The summary file has a size of 0 bytes all the time.
BTW, I have a message filter rule that moves messages to this folder, and new
messages keep coming very frequently - about 5 msgs per 1 minute during peak
hours - those are admin notifications from a 500 user mail server.
*** Bug 182907 has been marked as a duplicate of this bug. ***
BTW I've placed more testcases at the location from comment #15, all are
compressed archives containing versions of the big folder I have trouble with.

The latest ones will be compressed with bzip2 instead of gzip - now they only
take 1.9MB.
ok i get this problem too, on both win98 se and linux, but its a tad slower to
build on linux (both have mozilla 1.3 release), i should mention that i
symlinked the 'Mail' directory from windows to linux so i use the same folders
for both... i dont know if that could be a problem, because it seems to build it
everytime i reboot computer.. maybe every time i switch OS it thinks the summary
file is not up to date ?!?!

btw, i have about 300 messages, and it takes about a minute to build summary
file for inbox, size of Inbox file: 26309K

how do i prevent it from rebuilding every time?

Nehal
yes, the symlink is what's causing the problem. The timestamps stored in the
.msf files aren't agreeing with the timestamp of the file on the disk,
presumably becausee the two os's aren't in sync as far as the times are concerned.
so what would be the fix? (other than not symlinking, i would like to use common
folders)
I would like to lend my support to this bug report.  I get "Rebuilding summary
file" at least a few times a week (probably because Mozilla or Windows hangs
just as often).  It takes eons to complete.  When it's done, there is no visible
difference, but OK, maybe it's repairing something.  Surely, there must be a way
to accelerate this.  Maybe the answer is not to let the mail file get so big so
quickly in the first place (mine is well under 100MB, and it still takes several
minutes on a 1999 PC).  Perhaps the answer is to index the mail file and only
rebuild those parts of it which require rebuilding.  Please, someone optimize
this.  Thank you.



I am sitting here right now waiting. I have a "backups" folder off of my inbox
that has serveral hundred e-mails with attached files. The attached files are
1-2MB apiece. For some reason, it is taking 1 second PER e-mail to rebuild the
index. This is ridiculous. 

For some reason, Mozilla e-mail is so incredibly unstable that I can't run my
e-mail for more than a few days without needing to rebuild all of my indexes.
This is a complete mess.
In case it wasn't clear, it seems like the time it takes to index somehow
depends on the size of the attachment, which seems wrong to me.
parsing a mail folder/mail message is dependent on the size of the message - we
have to read through the message to find the beginning of the next message. 1MB
a second is still slow, however.

My summary files are never invalidated. There seems to be something about some
people's configurations or useage models that invalidate summary files. If I had
reproducible steps on my machine that caused this bug, I'd have a much better
chance to fix it.
can someone tell me how it decides whether it should rebuild or not, 
so i can fix for my problem (comment #19), does it compare dates 
of files or what?

thankyou, Nehal
Fixing bug 58308 is likely to provide a satisfiable fix to this bug.

Adding bug 58308 to deps.
Depends on: 58308
I think the problem is not frequent rebuilds but the time spent doing them.
Rebuilding a mailbox under old Mozila 4.8 is THREE times faster. The very same
mailbox! :-(. See comment #13

This issue and general inestability in email/news component keeps me using NS
4.8 for email. Mozilla is superbe as a browser, nevertheless.

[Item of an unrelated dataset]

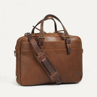 LEATHER COMPUTER BAG FOR MEN The new Folder bag, made from vegetable tanned leather, can be carried in the hand or over the shoulder. It is a very practical business bag with clever features that make travelling easier: a built-in sleeve for a 16-inch laptop Macbook Pro, an inside zippered pocket and two outside pockets. It comes with a removable leather strap which has a comfortable leather shoulder pad lined with natural felt. The zippered pocket at the back has been specially designed to attach the bag to your suitcase’s telescopic handle. The Bleu de Chauffe label, signed and dated by the artisan who created the bag, is sewn onto an inside zippered pocket. Size: L 38 x H 28 x W 6 cm Handmade in France. MATERIALS Today, more than 90% of leather in the world undergoes a chrome tanning process which uses heavy chemical components. Bleu de Chauffe has a different approach. Our leather is vegetable tanned which ensures better quality and more sustainable leather, a soft natural touch, and a patina which improves over the years. - Full grain leather, vegetable tanned and water resistant. - Natural finish, soft to the touch. - ‘Velvet’ finish on the reverse side of the leather. - Removable leather strap and comfortable leather shoulder pad lined with natural felt. - Leather handle making it comfortable to carry by hand. - Removable inside zippered cotton pocket. - Integrated felt sleeve for laptops. - Two outside pockets with magnetic button closures. - The zippered pocket at the back is specifically designed to attach the bag to a suitcase’s telescopic handle. - The Bleu de Chauffe Logo with a brass finish, inspired by 20th century French faucets. The work-wear signature. SIZE External dimensions: L 38 x H 28 x W 6 cm Internal dimensions of main compartment: L 38 x H 26 x P 5,5 cm (for laptops up to 16 inches) Internal dimensions of felt pocket: L 37 X H 26 (Inside compartment for laptops up to a 16’’ MacBook Pro) We recommend measuring your computer to check it will fit Strap dimensions: Adjustable length: 117 cm to 132 cm Drop length*: 42 cm to 50 cm Shoulder strap width: 5 cm *The drop length is the distance between the top of the bag and the top of the strap The shoulder strap has been designed to offer great flexibility of use with its adjustable length, allowing it to be worn over the shoulder or across the body as you prefer. The felt-lined shoulder pads are 5 cm wide and provide balanced weight distribution for maximum comfort, even during prolonged use.

And no, Maildir is not an option for me. I'd like to see Mozilla reindexing a
mailbox, at least, as fast as NS 4.8 :-). It's clearly doable, since NS 4.8 is
already doing it :-).

The limiting factor should be HD bandwidth, not CPU or memory. Currently HD
transfer rates of 20 MB/s are "normal".
mozilla decides to rebuild the summary file based on two criteria - the last
modified time, and the size of the mailbox file. When we make a change to the
mailbox file, we sync the file and then get the last changed time and the file
size, and write it to the .msf file, and save the .msf file. The next time we
open the .msf file, we compare the size and last modified time of the mailbox
file with what we have in the .msf file. If either doesn't match, we assume an
external agent has changed the mailbox file, and thus our summary file is
invalid. Outside of Mozilla crashing while writing out the .msf file, this
should be relatively robust. 

There are a few possibilities for the .msf file getting out of sync:

1. Some other program (e.g., another e-mail program, a virus checker, etc.) is
changing the last modified date or file size of the mailbox.
2. Mozilla is changing the file but not writing out the new last modified date
to the .msf file for some operation.
3. The OS is reporting one last modified date when we ask for it after making a
change, and then reporting a different last modified date later when we open the
file again.

Daylight savings time seems to cause this on some OS's. Having your mailboxes on
a networked drive can also cause this problem.
I have a patch that helps somewhat, which I'll attach. But I believe the real
reason we're slower than 4.x is that nsInputStreamPump::OnStateTransfer() limits
itself to 16K when sending OnDataAvailable - if I comment out this check, I get
speeds similar to 4.x. I'll investigate more, and talk to someone (Darin?) about
this:

            // XXX need to make max ODA size configurable
            if (avail > 16384)
                avail = 16384;
Status: NEW → ASSIGNED
Attached patch partial fixSplinter Review
this patch makes it so we delay displaying the thread pane when reparsing a
local folder (so we don't waste time updating the thread pane), and I removed a
status update that wasn't correct because contentlength was always 0 and slowed
us down as well.
this patch removes the 16K limit on ODA data - this speeds up reparsing quite a
bit. I'm going to run with it a bit to make sure it doesn't break anything.
the reason Aleksander's mail folder takes so long to parse is that it's
basically one giant thread, if we thread by subject, and our code that adds
messages to threads breaks down performance-wise when the threads are huge.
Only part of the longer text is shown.